Trump's in Florida, Stock Markets Gain for Second Day: Coincidence?
Trump is getting his tan on. Markets up.

It was a lovely day in Palm Beach, Florida, today, sunny and 74 degrees and going up to maybe 80 tomorrow, according to weather.com. Pretty solid day for the stock market, too. Just wondering, whether the one has something to do with the other?

President Trump is spending the week at Mar-a-Lago, his private country club that he's now calling the Southern White House. He had nothing on his schedule today except to meet Japanese Prime Minister Shinzo Abe at 3 p.m. and then have dinner with him and Mrs. Abe at 7:30 this evening, also at the club. That was it.

Earlier in the day he tweeted twice that he was looking forward to the meeting. Also, the White House said today the President has asked for an extension to file his taxes for 2017.

Welcome Prime Minister Abe! pic.twitter.com/538EYyfWDq

— Donald J. Trump (@realDonaldTrump) April 17, 2018

So, nothing about trade wars, tariffs, currency devaluations, wars in Syria, or North Korea, or Iran from the occupier of the Oval Office. Perhaps partly as a result, the major U.S. equity indexes rose strongly for a second day, fueled by better than expected earnings by Netflix (NFLX) and helped along by stalwart U.S. corporations including UnitedHealth (UNH) , General Electric (GE) and Cisco (CSCO) .

UnitedHealth is a holding in Jim Cramer's Action Alerts PLUS.

The major averages have mainly turned positive for the year and the S&P 500 rose through its average price for the past 50 days, a level it hasn't reached in a month. And the VIX volatility index, Wall Street's so-called "fear index," fell for a sixth straight day to its lowest level in a month.
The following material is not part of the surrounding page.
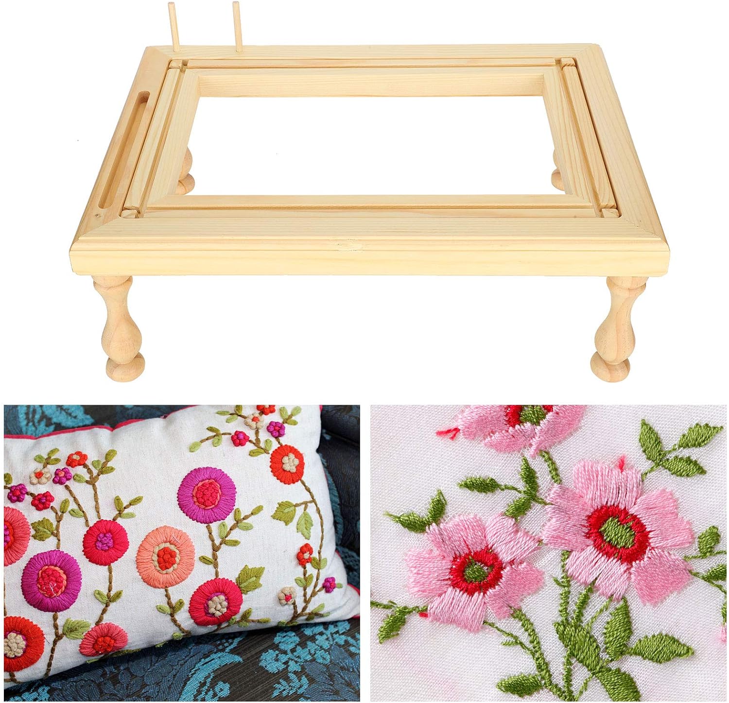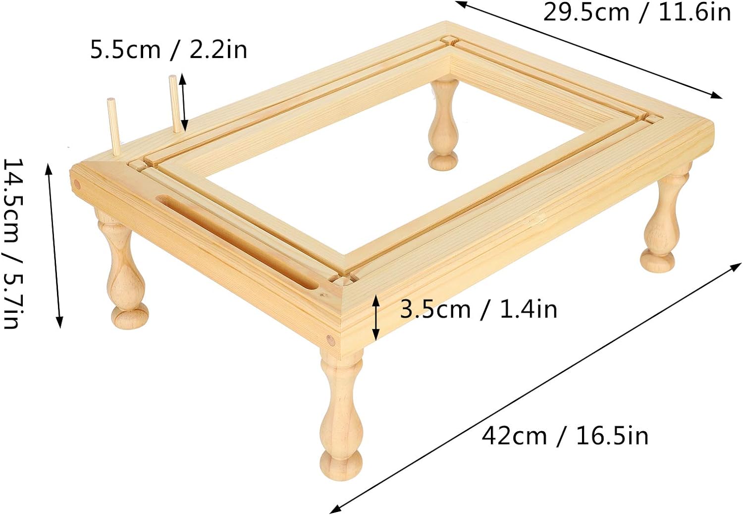 - 【Angemessene Grösse】 Die Grösse des Holzrahmens beträgt 16,5 x 11,6 x 1,4 Zoll und die Gesamthöhe der vierbeinigen Tischbeine 5,7 Zoll, was sehr gut für Leute geeignet ist, die Stickerei und Heimwerken mögen.

All the best-performing companies are benefiting from the profit environment President Trump has largely put in place, one in which taxes are low, regulation is lax, enforcement is sketchy and the labor movement is dead. It's worth repeating that current conditions are more favorable to corporate profit interests than at any time in the U.S. since the Roaring Twenties, or perhaps the Gilded Age.

That could form the basis for an argument the President should spend a lot more time at his Southern White House or on the golf course, since he's shown a tendency to rattle markets when he's actually on the job in Washington, D.C. When he's a resident in the White House, the nation's chief executive has a way of fomenting all kinds of negative things, such as the exodus of about half of his senior staff within the first 15 months of his presidency.

It's not a statistic that most U.S. CEOs would be proud of, but it's just another reason why this President isn't like any of the others.

That's why Trump's tweet this morning accusing Russia and China of "playing the Currency Devaluation game" seemed to make about as much impression as his threat to impose global steel and aluminum tariffs. He walked back that threat by making an exception for major trade partners including Mexico, Canada and South Korea (though not Japan, to Abe's discontentment).

What plans do traders and investors imagine Trump has to punish China and Russia for devaluing their currencies? He didn't say, but the dollar is down against a basket of foreign currencies by about 2.7% so far this year, and that's of course good for U.S. corporations by making their goods less expensive overseas.

So it's a little unclear.

What's perfectly clear right now, though, are the skies above Mar-a-Lago and the forecast for tomorrow. Asian, European and U.S. stock futures are all up. Have the President and the Prime Minister set their tee time?